The density must lie somewhere between the density of the black hole
and the interstellar density. The latter is between 100/cm3 and
1e12/cm3.
Reasonable to assume it is lower or equal to the density of the black
hole.
What is needed here is a full model for quasars evolving into galaxies.
Some general observations:
* Small quasars have gravitational redshift, the Eddington sphere is
close to the Schwartzchild radius.
* Stars typically form further out from the Eddington sphere and hence
are subject to reduced redshift.
* de Sitter Space exhibits blue shift as well as redshift. We may be
seeing the dust of some galaxies and mistaking it for stars.
If we assume that all redshift is cosmological, then the result is
that the stars around small quasars will appear blue-shifted.
.. image:: images/blueshift
6/3/2025
========
Simulations of de Sitter Space show that redshift is only a weak
indicator of distance, or rather asymptotically an indicator of
distance.
This applies to blueshift too, where, the higher the blueshift, the
closer the source is to the Hubble radius. As with redshift, this
is only an asymptotic relationship.
The glowing dust of a high blueshift source may be mistaken for a
redshifted view of the stars in a galaxy.

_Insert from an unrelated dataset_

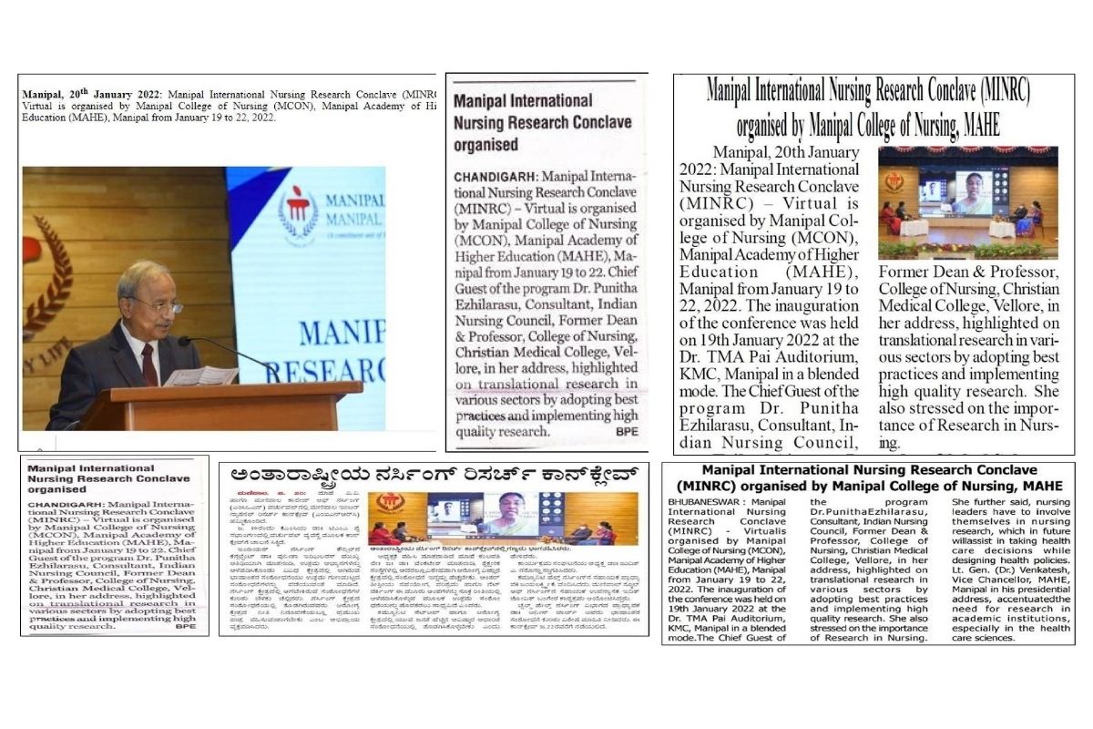 Manipal, 29th January 2022: Manipal International Nursing Research Conclave (MINRC) – Virtual is organised by Manipal College of Nursing (MCON), Manipal Academy of Higher Education (MAHE), Manipal from January 19 to 22, 2022.

Perhaps the green valley is in part due to whether we are seeing the
dust or the stars of a galaxy?
This is one area the JWST can contribute significantly. Observations
of nearby galaxies at different wavelengths should help us refine our
classifications of galaxies.
24/3/2025
=========
There is a new release of data from the Dark Energy Spectrographic Instrument (DESI).
Observations are classified in various categories.
ELG, LRG, BGS, QSO
Emission Line Galaxy
Luminous Red Galaxy
Bright Galaxy Survey
Quasar Stellar Objects
DESI data release 2
It is going to be very interesting to explore the DESI data sets with
the perspective of the Geometry of the Universe.
The central idea is that as the size of the central black hole grows,
so does the ratio of the radius of the Eddington sphere to the
Schwartzchild radius.
So small quasars exhibit significant redshift. Some of the luminous
red galaxies are likely nearby quasars.
When the light comes from the accretion disk it is harder to extract a
detailed spectrum, in short spectral lines are blurred.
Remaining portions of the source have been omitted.